En descenso con 16 puntos en 17 partidos, 17 goles a favor y 30 en contra. Los datos hablan por sí solos. Hasta el propio Corberán lo reconoció en rueda de prensa tras el 4-1 ante el Celta de Vigo: “Estamos teniendo números peligrosos”.

Errores y fragilidad en las áreas

Sobre el césped, la imagen es cada vez más alarmante. En el juego, el equipo parece mostrar una ligera mejora con balón, pero sigue siendo muy frágil en ambas áreas. No hay contundencia defensiva y los errores constantes terminan regalando goles a los rivales. En Vigo, los tres primeros tantos tienen nombres y apellidos: un penalti infantil de Foulquier, un despiste de Jesús Vázquez al romper el fuera de juego y una entrega directa de Diakhaby al delantero rival.

Y los problemas no acaban en defensa. El Valencia también es muy débil en ataque y necesita un mundo para marcar gol. Mientras sus rivales apenas requieren ocasiones para hacer daño, los de Corberán son incapaces de materializar las suyas. De hecho, desde septiembre no anotan más de un gol en un partido liguero.

Ruptura con Mestalla

La gran salvación del Valencia en los últimos años había sido Mestalla, pero esta temporada la afición ha perdido la paciencia. Una prueba evidente fue el hostil recibimiento en el aeropuerto, donde se exigieron responsabilidades a directiva, plantilla y cuerpo técnico.

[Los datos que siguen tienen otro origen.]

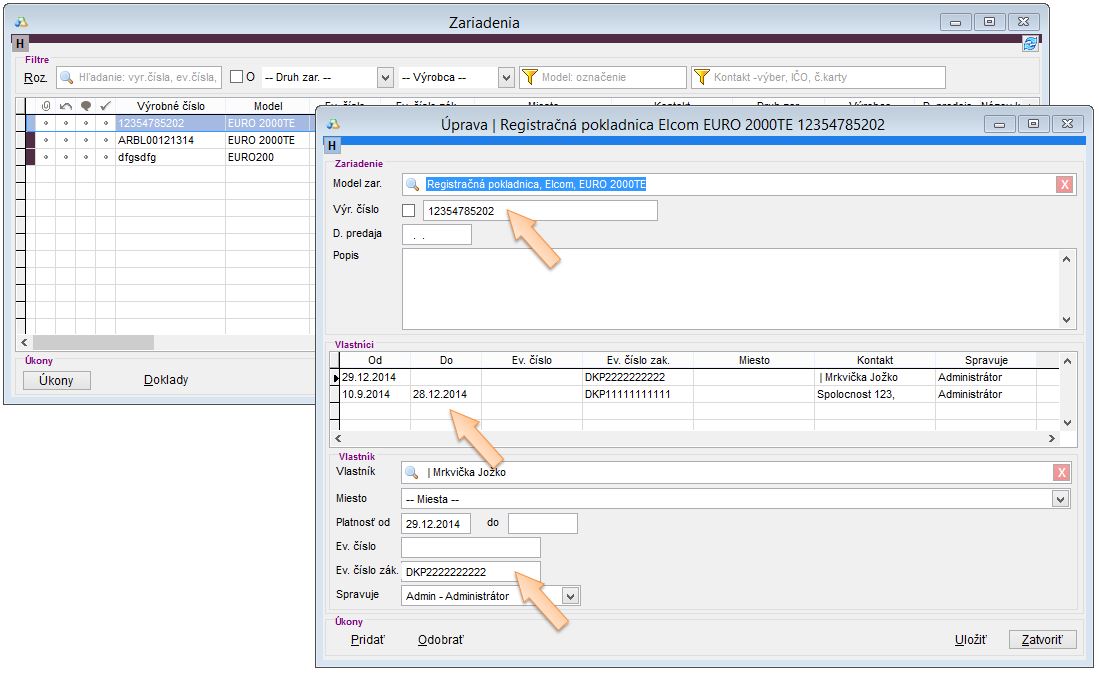 Záznam, kto je vlastníkom a na akej prevádzke bolo zariadenie sa berie z dátumu výdaja plomby a príslušného záznamu Od, Do vlastníkov, nakoľko sa počas roka mohlo lepiť viac plomb na dané zariadenie a pripadne mohli byť aj rôzni vlastníci.

La plantilla y el club ya no tienen escudo. Deben sacar la situación adelante como sea, sin exigir nada a cambio a una afición que nunca ha fallado y que ya se ha cansado de esperar. Ron Gourlay pidió paciencia en rueda de prensa, pero en el fútbol no se puede esperar, se vive del presente.

Un presente que no es nada esperanzador en un Valencia que vuelve a coquetear peligrosamente con el descenso. “Tenemos una plantilla potente”, comentó el CEO del club en la previa del encuentro ante el Celta de Vigo, pero la realidad es que, casi tras una vuelta completa, la situación es muy similar al drama de la temporada pasada a estas alturas y, por ahora, sin novedades en el mercado.

Cada semana que pasa, la herida se abre aún más por el pésimo nivel sobre el césped, la delicada situación institucional y la ruptura con una afición que ya no puede más. La reacción debe ser inmediata para evitar entrar en un contexto del que resulte muy difícil salir.